Finally, at 3am, in pouring rain, we were deposited unceremoniously in Bratislava, and decided to get a cab to the hostel, betting that it was close enough to come in under the 6Euro Cecilia had to her name. Which it was, except the Euro had jumped ship by the time it came to pay, so we spent an embarrassing 10 minutes searching through every bag, trying to explain what was going on, offering him Lats, Krona of various sorts, and Canadian dollars, trying the nearby ATM that didn’t work, offering him Visa, all to no avail and one grumpy cab driver. Finally, I sent C up to the front desk to explain the situation and see if they would add the 6E to our bill and pay the taxi driver, which they couldn’t, but eventually the guy at the front desk gave us 10E (pissed off panda driver raised his fee due to the waiting) from his own pocket to pay the cab driver, who left just in time for the Euro to turn up in an unchecked inside pocket. Of course. We managed to pay back Jakob for almost everything and promised him the last .60E (dollar CDN) in the morning.
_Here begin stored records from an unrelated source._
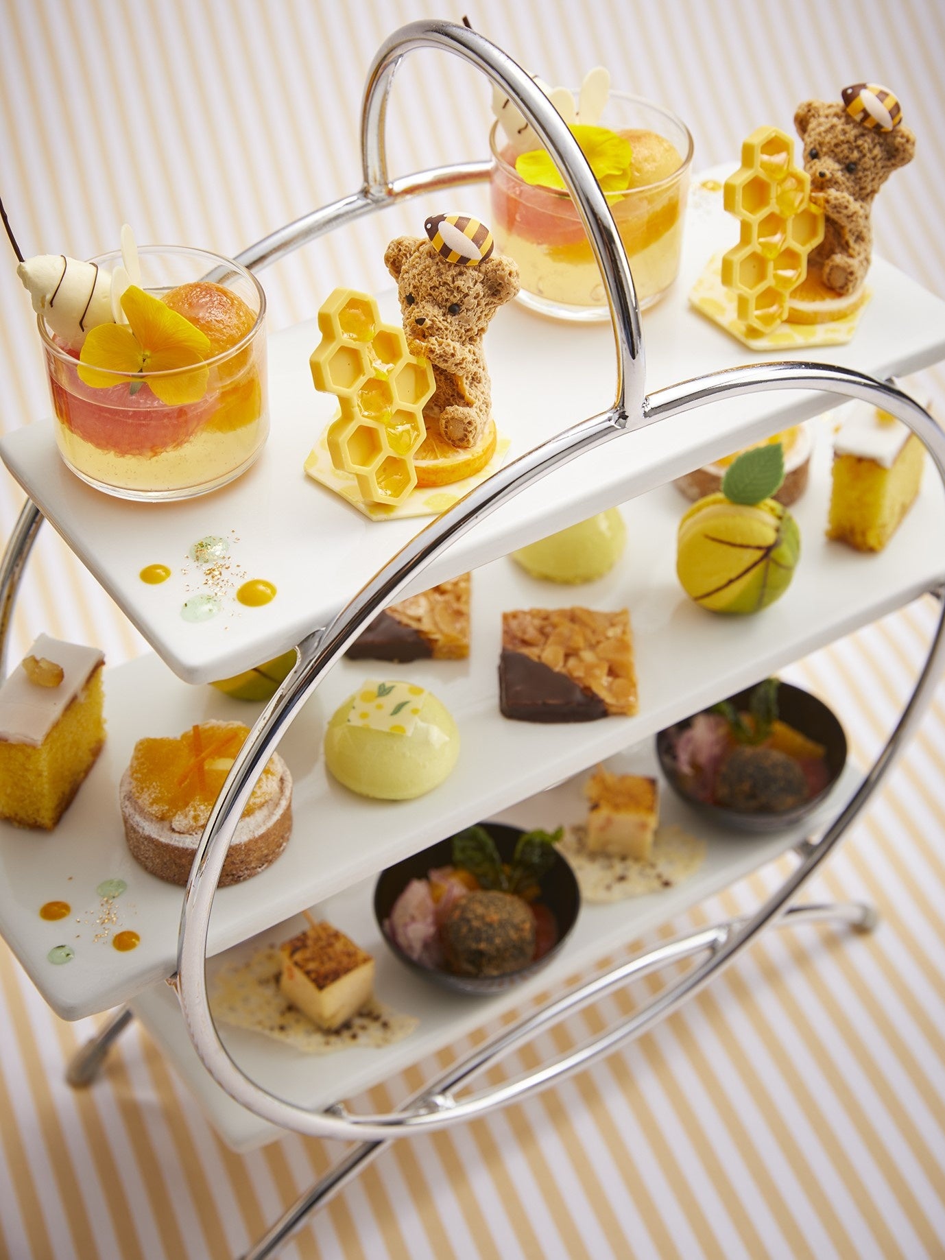 「シトラスとはちみつのアフタヌーンティー」は、はちみつを堪能する愛らしいくまのチョコレート細工がお出迎え。甘酸っぱいレモンのチョコレートで仕上げた蜂の巣から垂れる、艶やかなはちみつをイメージしたナパージュもショコラティエのこだわりです。また、穏やかな酸味の八丈フルーツレモンを皮ごと使用してしっとり焼き上げたレモンケーキや、果汁たっぷりジューシーな清見オレンジの味わいをお楽しみいただけるよう、はちみつでマリネした清見オレンジをトッピングしたタルトなど、さまざまな柑橘フルーツでアレンジしたスイーツがラインナップ。
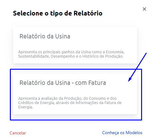 Nessa página clique em “Criar relatório”, em seguida clique em “Relatório da Usina – com fatura”.
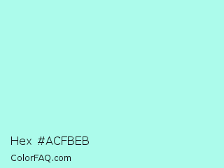 Hex #acfbeb Color is a very light cyan color and the nearest color is Ice Cold #b1f4e7. Hex code #acfbeb and RGB value is rgb(172,251,235). In RGB color space, this color is composed of 67% red, 98% green, 92% blue, In CMYK color space, this color is composed of 31% cyan, 0% magenta, 6% yellow , 2% black , In HSL color space, this color has a hue angle of 168° , 91% saturation and 83% lightness.

At that point, Cecilia went to bed, and I went to work. In the end, I didn’t sleep, because I figured that I would be more miserable after two hours of sleep than none, so I just worked until 7:30, had a shower, and then woke her up again as it was time to head to Pezinok.

Pezinok is a small town known for wine just about an hour by city bus outside of Bratislava. It was really cute, but the reason we were there was for CVI Slovakia, being held at a fairly large and really nice horse park. We got off the bus around 9:30 and met Barbora, who would be our couch surfing host for that night. She was 26 and had a very, very cute dog named Coco, who was Jack Russell-mutt and liked to bark at you until she knew who you were. It was pretty cute. Barbora took us to a grocery store for supplies and then walked with us to the horse park, about twenty minutes out of town. She headed off to do…something…for the day and left us to it. We met Dieter, who we will be staying with and vaulting with in Prague, and he gave us competitor wrist bands so that we could head wherever we wanted to around the park. We started off watching junior team, and then junior freestyle, which was great. It was lunch, then, and we met back up with Dieter and sat in the little cafĂ©, where we ran into Lukas Klouda, one of the top vaulters in the world. It was pretty cool to hang out with him for a little bit, and he and Dieter seem to be pretty good friends. They are from different parts of the country, but must see each other a lot. Lukas, entertainingly, has converted an old school bus into a horse trailer. I wish we could have seen that better.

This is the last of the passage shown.